Um dos livros mais legais que eu li nesse ano.
Apesar de enorme a leitura flui pra caramba. Não dá pra se deixar assustar pelo tamanho até porque a gente não tem medo de livro grande.
Cheguei a Padre Cícero por causa de uma matéria que saiu há anos na Revista O Globo sobre o fenômeno que era o Padim Ciço, de como este que podia ser o primeiro santo brasileiro foi perseguido pela Igreja, destituído das ordens sacerdotais, excomungado, e de como décadas após sua morte ainda atraía romeiros até Juazeiro do Norte.
Isso sem falar de uma série de relatos milagreiros de gente que voltou a andar, a enxergar, que estava pra morrer e voltou a se curar. Aguardei ansioso pelo lançamento dessa biografia. Tinha boas referências do Lira Neto.

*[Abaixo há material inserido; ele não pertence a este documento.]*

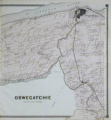 The “New Topographical Atlas of St. Lawrence County, New York” was made from the surveys of D. G. Beers, and published by Stone & Stewart in 1865. Each hand colored map illustrating a town in St. Lawrence includes abundant, historically significant details. The name of the town, streets, railroad lines, important buildings, the locations of property and the names of landowners, parks, rivers, and more relevant features are identified. This map shows Oswegatchie and its surrounding area.

Comprei o livro há uns dois ou três anos e daí só fui ler agora dias antes da visita do papa.
Vê-lo ali na pilha estava me deixando louco e quero comprar novos livros, mas tem muitos pra ler… então adotamos a estratégia de aproveitar primeiro aquilo que a gente já tem pra frear o anseio consumista.
Como não poderia deixar de ser, conta a história do padre Cícero Romão Batista, de seu nascimento até sua morte, aos 90 anos. Vai ver por isso também tem tantas páginas. O livro é cheio de fatos interessantes e curiosos e aborda bem como era a vida no sertão do Ceará, em Fortaleza e em uma parte do Brasil no final de 1800 e no início de 1900. Personagens como Antonio Conselheiro e Lampião aparecem em momentos diferentes da história.
O que eu mais gostei é que Lira Neto constrói a narrativa como um romance e se apoia nas correspondências históricas para isso. Ele vai contrapondo as atitudes de Cícero com a perseguição de dom Joaquim, o bispo do Ceará, seu principal rival dentro da Igreja. E tudo isso por conta de um suposto milagre que ocorria em Juazeiro, quando a beata Maria de Araújo ao comungar transformava hóstias em sangue.
A história toda se divide em duas partes: a religiosa e a política. A primeira trata desse lance do milagre, como esses episódios foram atraindo milhares de romeiros. Que os paninhos usados para limpar a boca de Maria de Araújo ficavam manchados de sangue e foram ganhando status de milagreiros e fala sobre os inquéritos da Igreja sobre o caso, sobre a reação da Inquisição, sobre a visita de Cícero a Roma e a perseguição sofrida pelo padre.
A segunda parte gira em torno do crescimento de Juazeiro, da influência de Cícero nisso e em sua entrada na vida política. Daí todo o cenário da época também é bem retratado, sobre o funcionamento da política na época, das oligarquias, do coronelismo, dos primeiros anos da República. De como no sertão muita tomada de poder se fazia na bala e das vezes em que jagunços e cangaceiros tiveram que enfrentar com a mão armada as forças policiais da época.
Enfim, é um livro envolvente e curioso pra quem é ou não é, como eu, ligado nesses baratos de religião. A história é tão legal que dá vontade de ir atrás de outras histórias de santos católicos que foram condenados e depois reabilitados pela Igreja, como Joana d’Arc. E eu pelo menos fiquei com bastante vontade de visitar o Juazeiro qualquer dia desses.